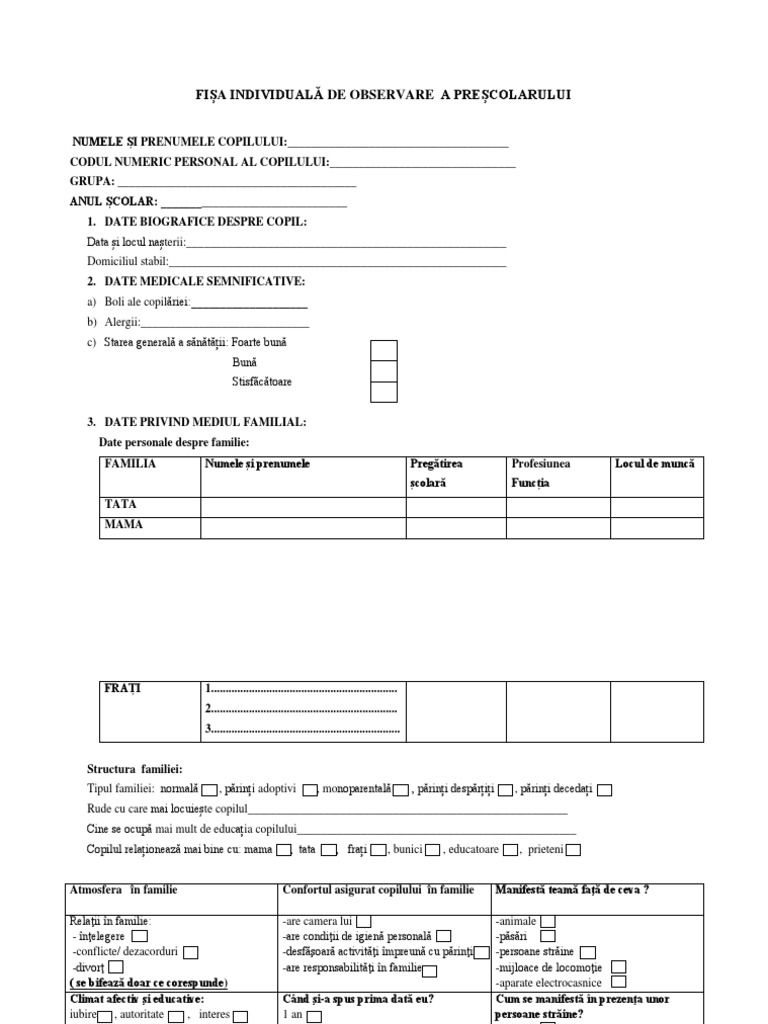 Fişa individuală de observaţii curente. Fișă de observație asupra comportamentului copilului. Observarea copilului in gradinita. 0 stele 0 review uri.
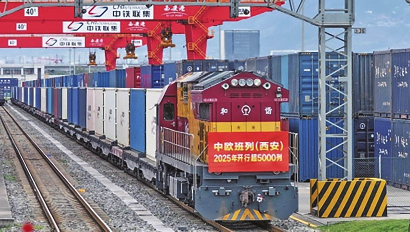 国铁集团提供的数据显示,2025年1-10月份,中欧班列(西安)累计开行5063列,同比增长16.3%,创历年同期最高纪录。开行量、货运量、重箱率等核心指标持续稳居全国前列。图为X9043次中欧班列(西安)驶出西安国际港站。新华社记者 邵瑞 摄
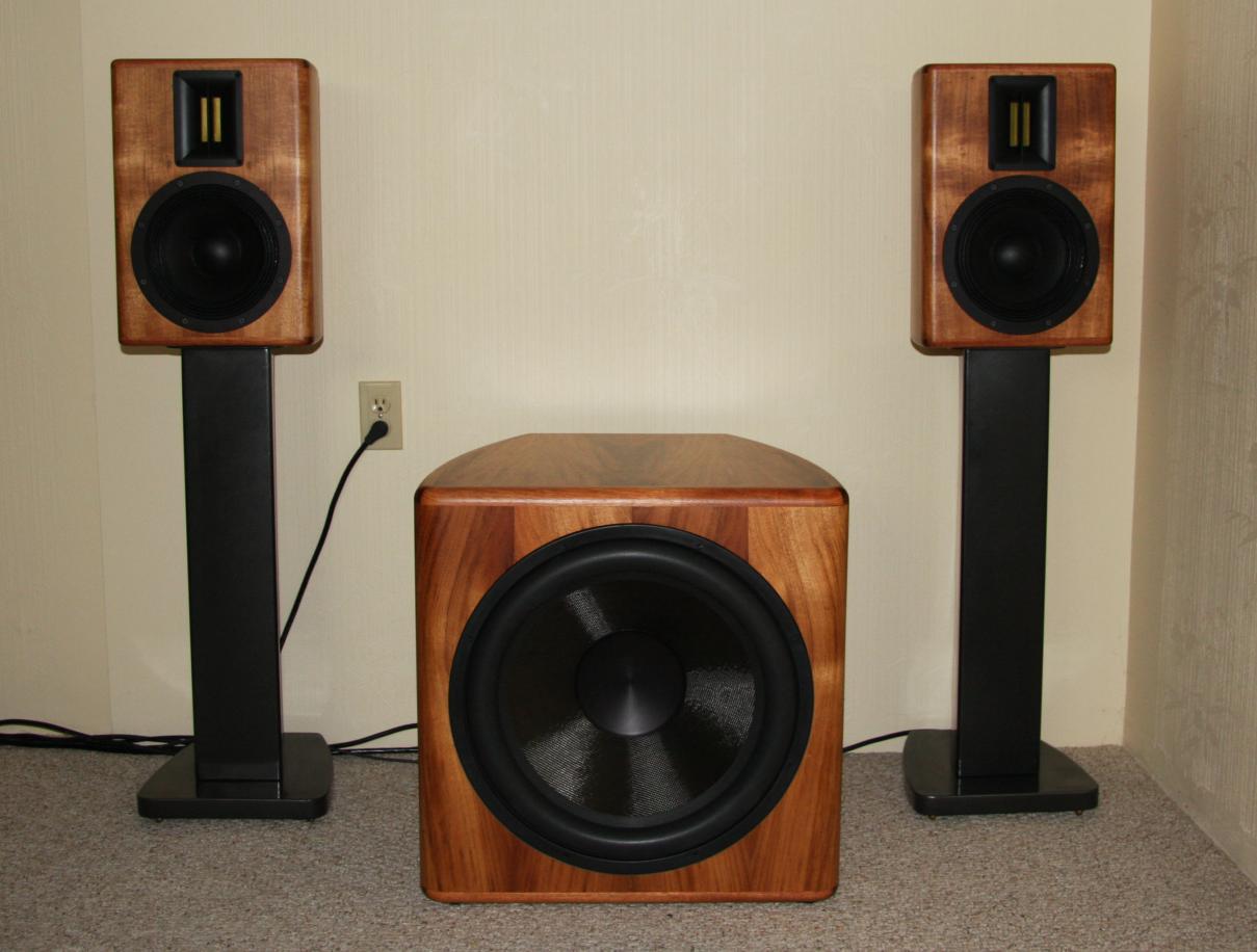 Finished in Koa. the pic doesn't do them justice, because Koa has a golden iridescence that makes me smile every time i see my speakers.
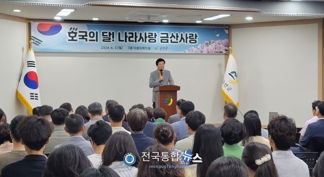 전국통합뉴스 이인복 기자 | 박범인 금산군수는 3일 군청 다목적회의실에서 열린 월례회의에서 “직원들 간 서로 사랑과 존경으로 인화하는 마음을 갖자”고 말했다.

§ YOUR TASK
Please write out the lines above exactly, from the one that contains "Finished in Koa." through the final line, and include none of the pictures.

§ YOUR RESPONSE
 Finished in Koa. the pic doesn't do them justice, because Koa has a golden iridescence that makes me smile every time i see my speakers.
 전국통합뉴스 이인복 기자 | 박범인 금산군수는 3일 군청 다목적회의실에서 열린 월례회의에서 “직원들 간 서로 사랑과 존경으로 인화하는 마음을 갖자”고 말했다.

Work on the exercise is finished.